HBO (Dec. 9, 9 p.m. ET)
Show of the week
If there were some sort of Eastern religious philosophy of stardom, Wesley Snipes would be its guru. He represents a perfectly harmonious balance between Hollywood charisma and solid but subtle acting talent. The typical Snipes performance is virile and smooth without turning to slickness. His physical presence cannot be ignored, but it's the quiet, thoughtful details of the performance that hold our attention.

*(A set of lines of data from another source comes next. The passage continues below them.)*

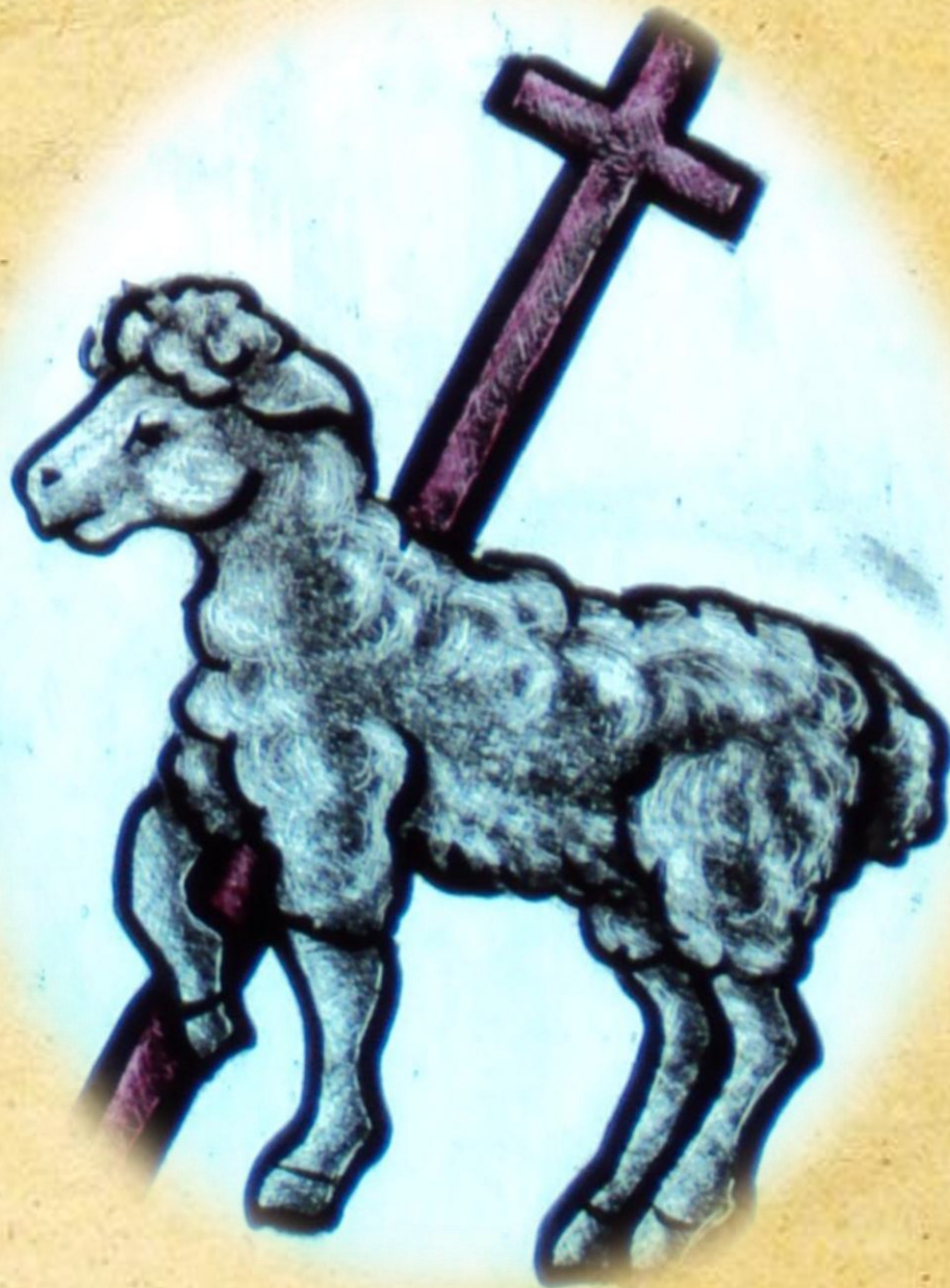
"Paschal Lamb" stained glass window courtesy of University Hts. Baptist Church Springfield, Mo.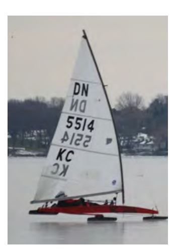
CANADIAN CHAMPIONSHIP TBD idniyra.org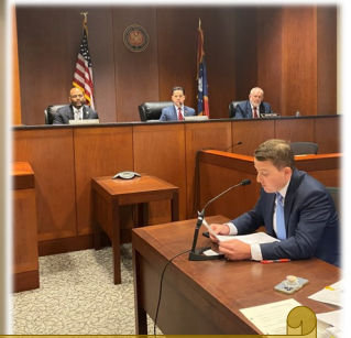
The Mississippi Public Service Commission conducted the first monthly docket meeting of the year on January 18 to discuss pending matters on the docket. I was thrilled to join my colleagues as we continue the work of the Public Service Commission.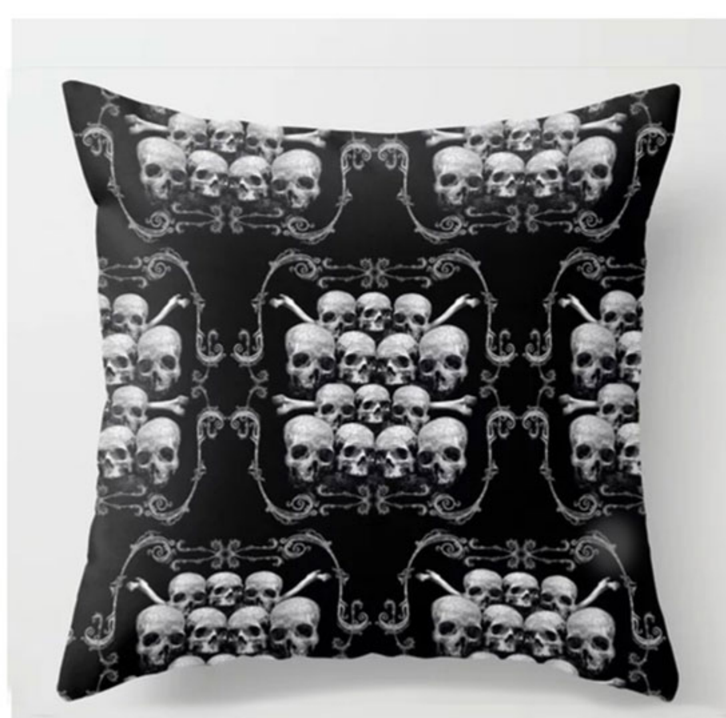
SKULLS AND FILIGREE DAMASK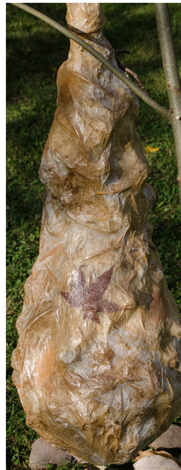
MEANDERINGS, DETAIL STICKS, VINE, SWEETGUM TREE PODS, LEAVES, PAPER, SINEW 120"H X 56"W X 46"D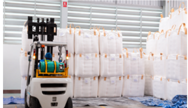
Forklift operator loads supersacks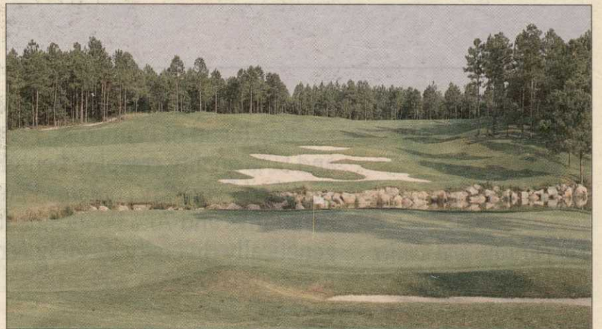
Pinehurst Plantation is one of the private clubs in the Golf Communities USA portfolio.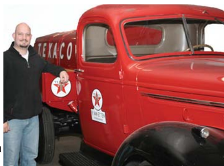
The truck that started it all has been assigned to parade duty.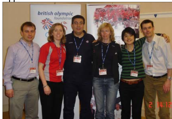
IOAPA members attending the 2008 BOA

It is also good to note that the IOAPA was well represented during this seminar and the members of the IOAPA Executive Board that were present at the seminar took the opportunity to discuss various topics in connection with the IOAPA. It is an exciting and interesting phase for the IOAPA that is reaching new heights by the sheer determination of the hard working Executive Board that was elected at the last IOAPA session in Olympia in summer 2007. Let's keep the IOAPA alive and kicking and let's spread the Olympic spirit as far as we can. The more we work within the Olympic family the better it makes us feel within.

Snipes is both executive producer and star of this adaptation of a 1989 novel by Terry McMillan (Waiting to Exhale). A music teacher (Sanaa Lathan) moves into a Brooklyn brownstone apartment. Snipes, an odd-job construction worker who has just refinished the apartment's floors, helps her move in. They fall in love. He moves in. But she's preoccupied with trying to break into a singing career, and it bothers her that Snipes is less than gainfully employed (with two boys from a not-yet-terminated marriage to boot).
The subsequent romantic oscillations are fairly predictable. But Snipes, increasingly feeling the sting of being a male dependent, creates dramatic surprises in the smallest moments. Alone in a drunken rage, he takes a hammer to the walls of the apartment. He pauses at the piano where his lover writes her songs. Will he smash the hammer down on the keys? In that second an emotional chasm opens up, and a soul teeters between love and ruin.